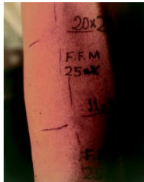
Figura 5. Reacción a las 48 horas post-aplicación.

Los resultados de los conformantes de este grupo, evaluados en la localidad andina de Colasay, indican que 14/15 (93,3%) fueron sensibles a la prueba intradérmica. Un individuo con leishmaniasis curada de procedencia selvática, que acudió al INS para control serológico, no respondió a ningún antígeno (Tabla 4).
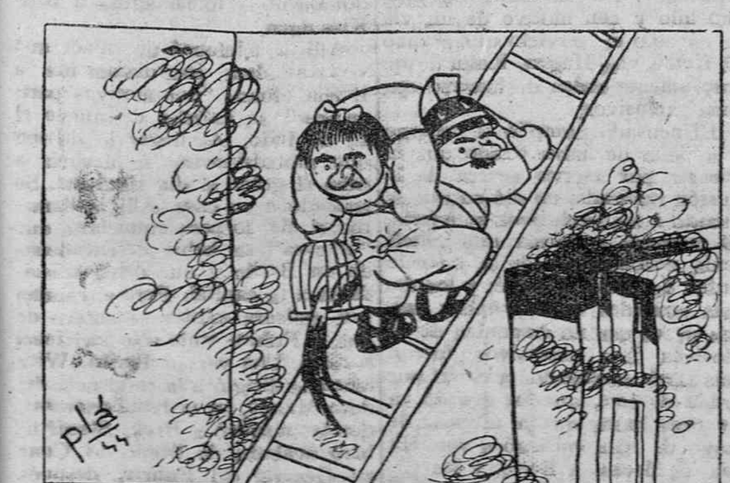
—¡A ver si hay formalidad, señoría!

---+---

Give back the material above exactly as it appears, minus any picture.

Figura 5. Reacción a las 48 horas post-aplicación.

Los resultados de los conformantes de este grupo, evaluados en la localidad andina de Colasay, indican que 14/15 (93,3%) fueron sensibles a la prueba intradérmica. Un individuo con leishmaniasis curada de procedencia selvática, que acudió al INS para control serológico, no respondió a ningún antígeno (Tabla 4).
—¡A ver si hay formalidad, señoría!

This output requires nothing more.